OHE March 16, 1998

Date: Thu, 16 Apr 1998 17:14:15 -1000
From: "Dayle K. Turner" (turner@hawaii.edu>
Subject: Dupont or De Ponte?

My students were doing research work in the library today and during lulls between classes I had some time to poke around and look up some hiking articles. I found one in the August 1989 edition of *Honolulu* magazine (pp 74+) titled "The toughest hike on O'ahu." In that piece, the authors, Harold Hall and James Morrow, suggest that the Dupont Trail (their toughest hike) should rightfully be called the De Ponte Trail.

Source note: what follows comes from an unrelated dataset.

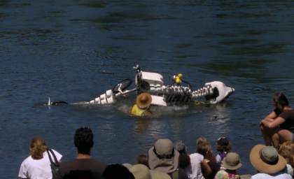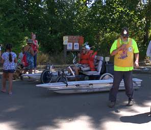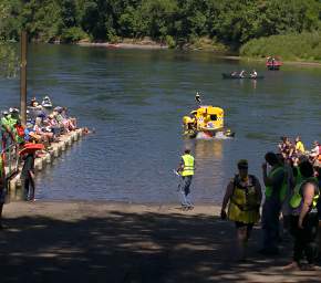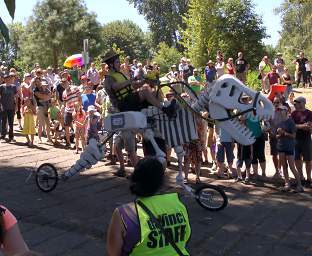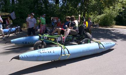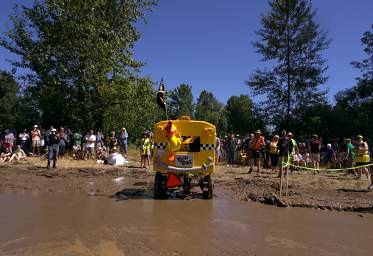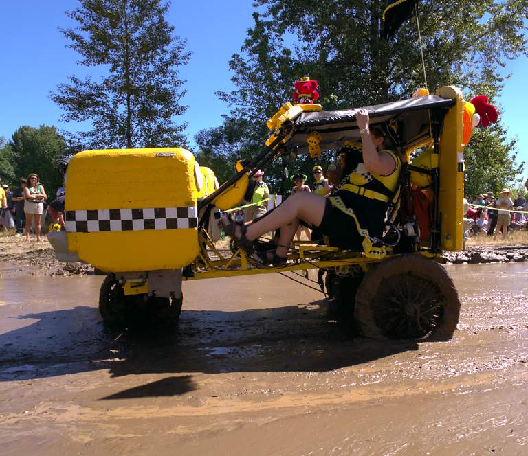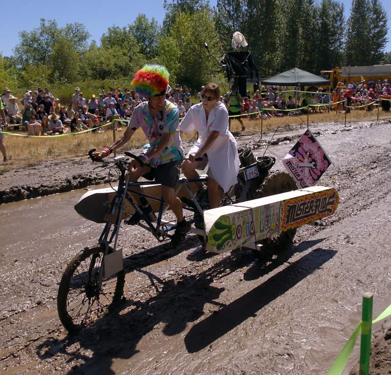 "Racers must ride over 10 miles of city streets, over a man-made sand dune, across 3000 feet of sun-dried, clay pasture, through 200 feet of deep, thick, sticky mud, and down 2 miles of the Willamette River. All of this under pedal power with no help from their friends (or spectators)!"

In a short addendum article on page 76, Hall and Morrow offer this tidbit:

	Some hiking books call it the Dupont Trail, but as far as
 	we can tell it should be De Ponte. According to a story in the
	September 1920 *Paradise of the Pacific* magazine, 10 hikers were
	"determined to cut a trail...so that it would be possible to hike
	from Schofield up the slopes of Kaala, across the crater, then
	down a steep ridge to Waialua," wrote one of the hikers, T.P.
	Cadle.  On that hike, "when victory seemed to be ours," continued
	Cadle, "we proceeded to name the trail."  The members of the group
	suggested the writer's name as a fitting one, but he asked the 
	privilege of suggesting a name, and with acclamation and shouting 
	the trail was named The De Ponte Trail, "in honor of Mary De Ponte
	of Honolulu."  We're not certain which Mary De Ponte that Cadle
	was referring to.  Around that time three Mary De Pontes were
	listed in the city directory.  Two were married, and one, a
	student nurse, was not.

A couple weeks back, Wing and I were wondering about the origin of the name of the Dupont Trail. We now have a possible answer.